Any plans to add thymeleaf to jooby v2? I am considering to move my projects to jooby but the module for thymeleaf is still for v1? Unless these can work interchangeably? Thanks.

ToxicMushroom commented 4 years ago

I use it as api for between my website and discord bot https://melijn.com/

pierre commented 4 years ago

We use Jooby in a lot of our Kill Bill plugins. Awesome framework!

nedtwigg commented 3 years ago

We're using Jooby 1.x to run https://mytake.org/. It's a non-profit project where we took all the U.S. presidential debates in history, stuck them into a database, and made it searchable and social-media embeddable. Working on adding the U.S. Constitution and other unbiased primary sources next. Jooby makes it really easy to focus just on our logic. We're hoping to find more volunteers so we've put a lot of work into making our dev onboarding easy, if you'd like to see a Jooby 1.x project with hot reload, rocker templates, jOOQ, and postgres-in-docker, here's our quickstart.

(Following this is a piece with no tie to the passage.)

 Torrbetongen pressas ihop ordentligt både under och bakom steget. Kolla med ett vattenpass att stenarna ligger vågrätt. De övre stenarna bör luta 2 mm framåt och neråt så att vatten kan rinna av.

paul-hammant commented 3 years ago

Awesome work - [diverging from Jooby advocacy for a sec] do you make your dataset exportable/cloneable? For example for others to post-process with say JupiterNotebooks for their own epiphanies/charts/wotnot

nedtwigg commented 3 years ago

do you make your dataset exportable/cloneable

Yes! e.g. https://github.com/mytakedotorg/us-presidential-debates. We also livestream our progress here: https://www.twitch.tv/mytakedotorg

others to post-process with say JupiterNotebooks for their own epiphanies/charts/wotnot

Hosting these at mytake.org is on our roadmap. Just like there is github.com/paul-hammant, we hope you would have mytake.org/paul-hammant, where you could post your "takes", which are constrained to draw only from verified factsets. It would be a lot more interesting to read editorialists you disagree with if you at least agreed on the facts. I don't want to hijack this thread further, but happy to discuss on the mytake.org issue tracker, gitter, or forum. We don't have any funding to speak of (annual budget ~$1k for servers), just a group of stretched-thin volunteers hoping to find more compatriots :)

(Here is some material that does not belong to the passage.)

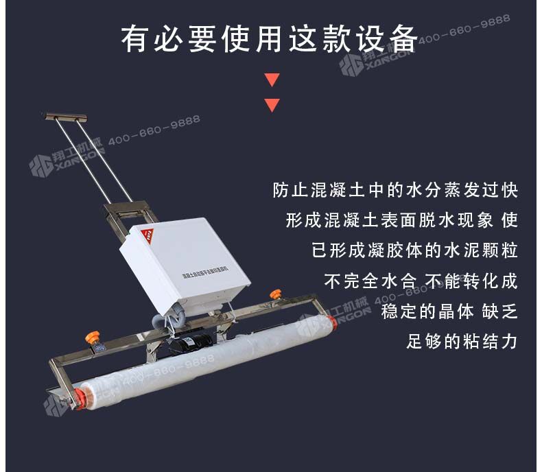 混凝土澆注后,如果養(yǎng)護(hù)不及時(shí)就容易產(chǎn)生一些不良效果,如氣候炎熱、空氣干燥等情況,我們就有必要使用這款設(shè)備,防止混凝土中的水分蒸發(fā)過(guò)快,形成混凝土表面脫水現(xiàn)象,使已形成凝膠體的水泥顆粒不完全水合,不能轉(zhuǎn)化成穩(wěn)定的晶體,缺乏足夠的粘結(jié)力。因此,混凝土表面會(huì)出現(xiàn)剝落或粉粒脫落。另外,當(dāng)混凝土強(qiáng)度不夠時(shí),過(guò)早蒸發(fā)水分會(huì)產(chǎn)生較大的收縮變形和干縮裂縫。因此,混凝土澆筑后的初期養(yǎng)護(hù)非常重要,終凝后應(yīng)立即進(jìn)行養(yǎng)護(hù)。

MarcelHB commented 3 years ago

Got curious by spotting it in the top-end of the Techempower Benchmarks. Jooby for lots of small services across our Google AppEngine is really cool: No boilerplate, lots of useful modules, single JAR, probably the fastest comfort zone HTTP service tech I'm currently aware of. :+1:

OzzyTheGiant commented 2 years ago

@kasthomas I had been away from Java for a while simply because virtually every project out there was in Spring Boot and I just never got used to the black magic either. Spark was a fun framework to use but it was still gaining traction. Everything else seemed like it wasn't giving a positive development experience. Fast forward to today and the JVM landscape has changed a lot (Kotlin, Java 17, microservices, new frameworks). So I thought I'd give Java another try.

Having said that, @MarcelHB I too saw the latest benchmarks and spotted Jooby near the top. Now I'm currently evaluating Jooby, Vertx, Quarkus, and Micronaut to see which will be my new default.

sillen102 commented 2 years ago

Building a whole platform with microservice architecture using Kotlin and Jooby (all services are built using Jooby).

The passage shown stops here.